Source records
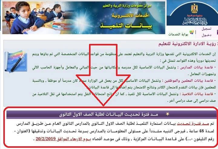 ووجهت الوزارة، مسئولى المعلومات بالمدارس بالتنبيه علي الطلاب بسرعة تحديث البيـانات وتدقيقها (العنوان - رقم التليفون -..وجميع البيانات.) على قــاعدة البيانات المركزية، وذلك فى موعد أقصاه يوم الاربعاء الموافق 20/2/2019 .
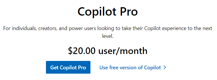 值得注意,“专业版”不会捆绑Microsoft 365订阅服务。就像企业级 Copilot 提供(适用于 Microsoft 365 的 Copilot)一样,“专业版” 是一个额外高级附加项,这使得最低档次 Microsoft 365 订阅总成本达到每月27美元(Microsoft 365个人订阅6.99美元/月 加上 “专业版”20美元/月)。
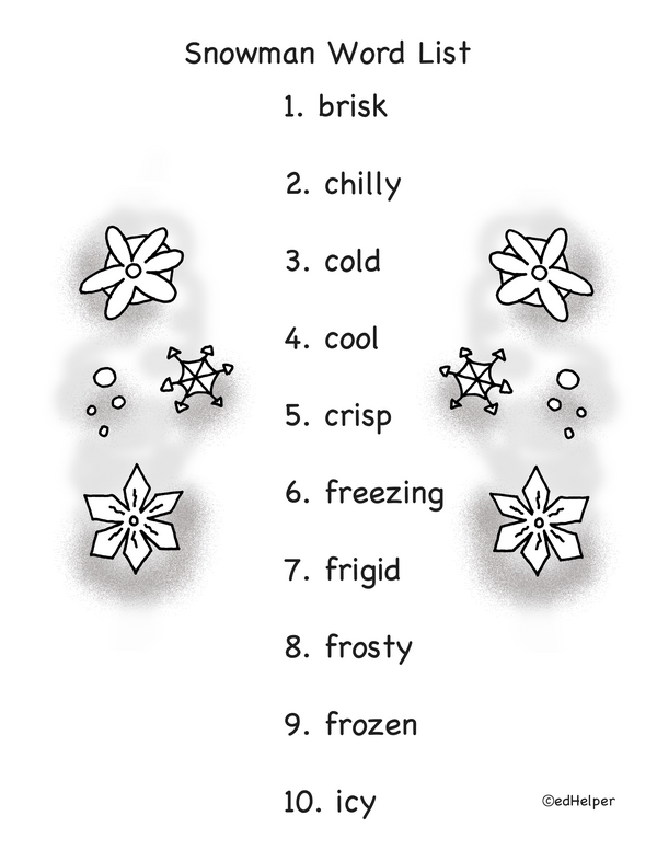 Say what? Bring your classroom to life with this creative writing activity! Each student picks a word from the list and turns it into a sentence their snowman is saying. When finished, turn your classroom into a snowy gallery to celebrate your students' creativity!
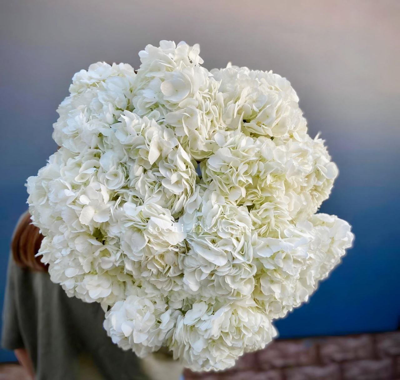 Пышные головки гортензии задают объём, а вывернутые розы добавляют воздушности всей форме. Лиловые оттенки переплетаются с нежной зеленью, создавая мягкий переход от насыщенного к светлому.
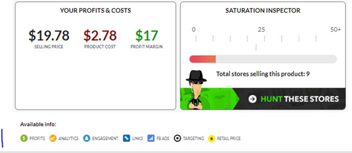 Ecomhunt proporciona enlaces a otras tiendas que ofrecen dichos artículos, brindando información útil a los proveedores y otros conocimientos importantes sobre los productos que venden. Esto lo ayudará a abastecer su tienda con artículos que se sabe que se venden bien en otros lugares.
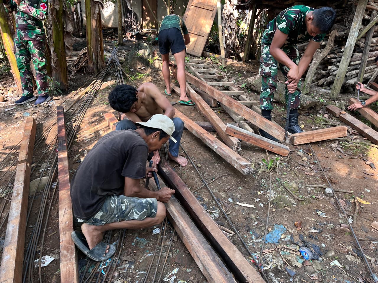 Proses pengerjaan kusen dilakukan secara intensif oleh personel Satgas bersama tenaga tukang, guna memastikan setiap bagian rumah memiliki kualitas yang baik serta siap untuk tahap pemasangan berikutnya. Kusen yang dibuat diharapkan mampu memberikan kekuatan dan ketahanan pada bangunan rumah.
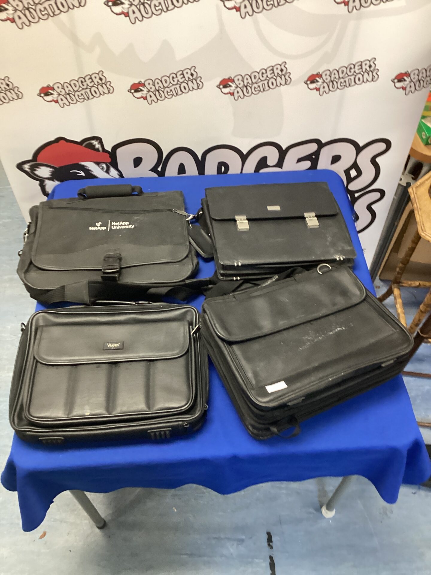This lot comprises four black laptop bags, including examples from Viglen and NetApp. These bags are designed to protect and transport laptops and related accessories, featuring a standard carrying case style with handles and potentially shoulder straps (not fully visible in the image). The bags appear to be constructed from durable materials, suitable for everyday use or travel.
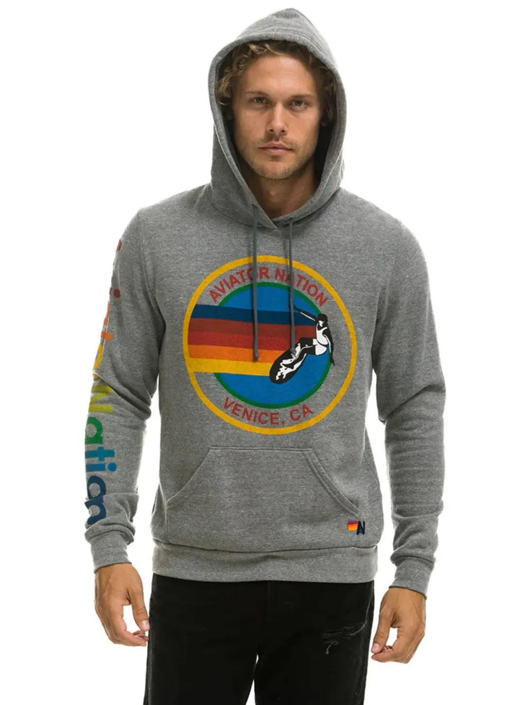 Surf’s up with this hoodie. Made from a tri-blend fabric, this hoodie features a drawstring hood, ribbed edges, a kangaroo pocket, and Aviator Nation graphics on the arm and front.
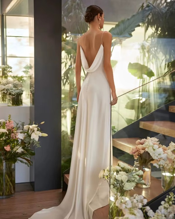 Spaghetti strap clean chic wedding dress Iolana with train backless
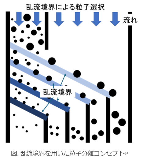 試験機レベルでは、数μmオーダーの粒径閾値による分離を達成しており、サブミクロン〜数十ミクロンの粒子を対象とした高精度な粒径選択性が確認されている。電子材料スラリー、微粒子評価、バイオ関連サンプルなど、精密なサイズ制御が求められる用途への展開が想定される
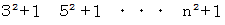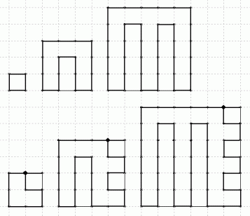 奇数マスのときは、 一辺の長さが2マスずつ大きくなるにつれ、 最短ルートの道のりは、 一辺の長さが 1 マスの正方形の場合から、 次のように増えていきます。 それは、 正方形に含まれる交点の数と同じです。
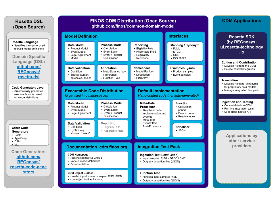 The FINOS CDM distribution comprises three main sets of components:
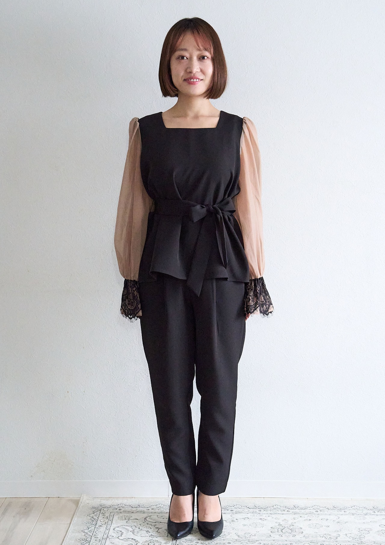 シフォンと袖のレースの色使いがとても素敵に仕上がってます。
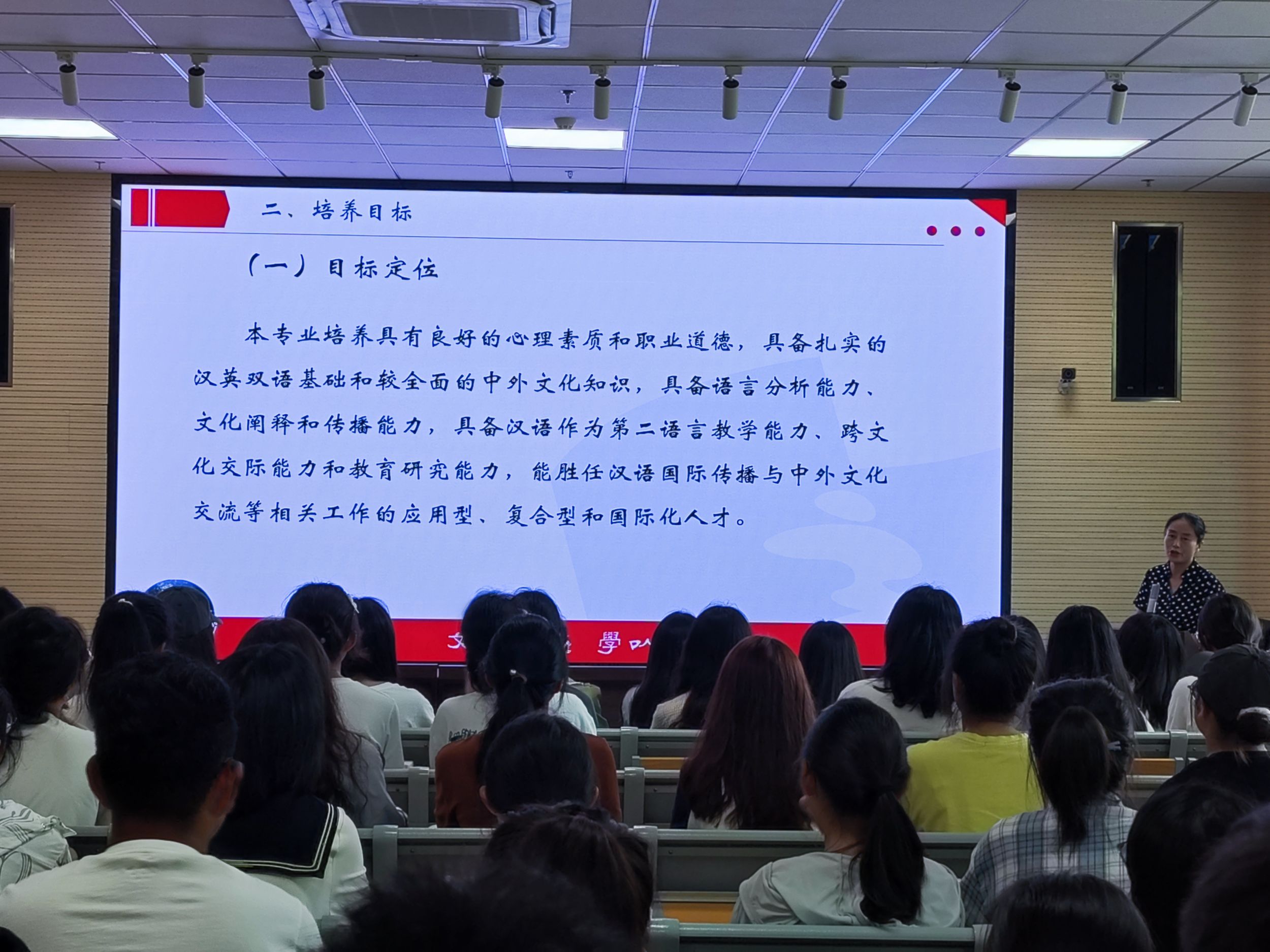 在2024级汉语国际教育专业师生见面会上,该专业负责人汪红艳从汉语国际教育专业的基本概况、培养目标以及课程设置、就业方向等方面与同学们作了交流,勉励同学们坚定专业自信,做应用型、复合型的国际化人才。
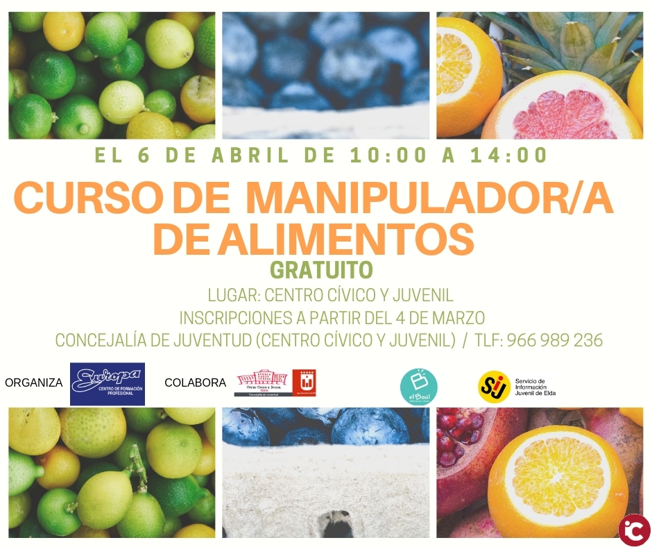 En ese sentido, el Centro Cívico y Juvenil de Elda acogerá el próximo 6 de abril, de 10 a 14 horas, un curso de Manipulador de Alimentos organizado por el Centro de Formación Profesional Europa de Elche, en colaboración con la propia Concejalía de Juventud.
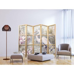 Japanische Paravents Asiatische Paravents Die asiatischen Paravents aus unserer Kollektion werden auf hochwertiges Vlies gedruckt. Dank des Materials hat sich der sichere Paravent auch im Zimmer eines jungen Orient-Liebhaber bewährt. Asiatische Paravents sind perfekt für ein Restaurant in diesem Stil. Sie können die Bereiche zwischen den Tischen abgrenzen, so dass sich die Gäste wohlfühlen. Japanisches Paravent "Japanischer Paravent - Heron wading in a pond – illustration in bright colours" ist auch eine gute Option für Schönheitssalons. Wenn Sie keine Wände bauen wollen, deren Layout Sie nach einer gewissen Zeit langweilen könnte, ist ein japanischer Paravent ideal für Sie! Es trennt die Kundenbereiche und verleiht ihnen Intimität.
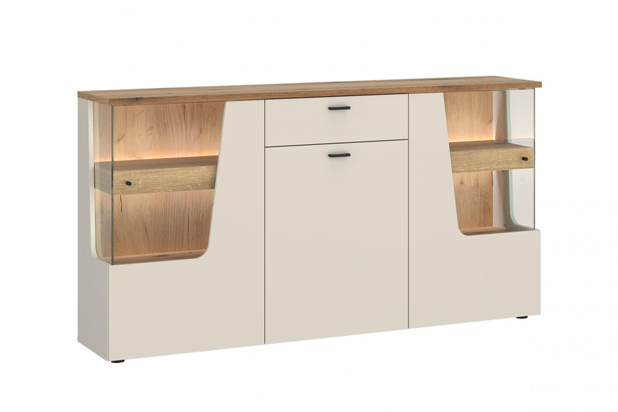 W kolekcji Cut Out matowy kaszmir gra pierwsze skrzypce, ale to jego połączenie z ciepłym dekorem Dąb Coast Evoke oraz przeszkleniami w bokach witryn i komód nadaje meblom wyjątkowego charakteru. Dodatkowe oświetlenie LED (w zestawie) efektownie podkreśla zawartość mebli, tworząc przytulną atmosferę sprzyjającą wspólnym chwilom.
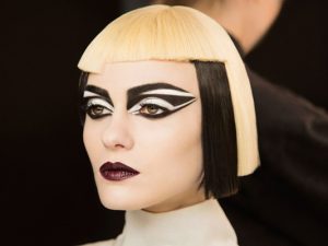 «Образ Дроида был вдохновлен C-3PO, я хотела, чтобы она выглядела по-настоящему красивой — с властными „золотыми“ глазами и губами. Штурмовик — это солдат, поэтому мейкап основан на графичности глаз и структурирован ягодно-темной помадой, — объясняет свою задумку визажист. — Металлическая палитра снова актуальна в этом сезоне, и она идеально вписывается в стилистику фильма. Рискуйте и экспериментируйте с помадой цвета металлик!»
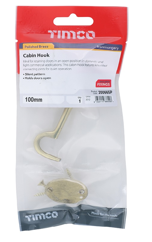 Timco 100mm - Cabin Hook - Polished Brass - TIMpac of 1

▶ _Try it_
Look above for the line with "Surf’s up with" and the line with "En ese sentido, el", then copy them and all lines in between exactly as written, and only those, without any pictures.

▶ _Reply_
 Surf’s up with this hoodie. Made from a tri-blend fabric, this hoodie features a drawstring hood, ribbed edges, a kangaroo pocket, and Aviator Nation graphics on the arm and front.
 Spaghetti strap clean chic wedding dress Iolana with train backless
 試験機レベルでは、数μmオーダーの粒径閾値による分離を達成しており、サブミクロン〜数十ミクロンの粒子を対象とした高精度な粒径選択性が確認されている。電子材料スラリー、微粒子評価、バイオ関連サンプルなど、精密なサイズ制御が求められる用途への展開が想定される
 奇数マスのときは、 一辺の長さが2マスずつ大きくなるにつれ、 最短ルートの道のりは、 一辺の長さが 1 マスの正方形の場合から、 次のように増えていきます。 それは、 正方形に含まれる交点の数と同じです。
 The FINOS CDM distribution comprises three main sets of components:
 シフォンと袖のレースの色使いがとても素敵に仕上がってます。
 在2024级汉语国际教育专业师生见面会上,该专业负责人汪红艳从汉语国际教育专业的基本概况、培养目标以及课程设置、就业方向等方面与同学们作了交流,勉励同学们坚定专业自信,做应用型、复合型的国际化人才。
 En ese sentido, el Centro Cívico y Juvenil de Elda acogerá el próximo 6 de abril, de 10 a 14 horas, un curso de Manipulador de Alimentos organizado por el Centro de Formación Profesional Europa de Elche, en colaboración con la propia Concejalía de Juventud.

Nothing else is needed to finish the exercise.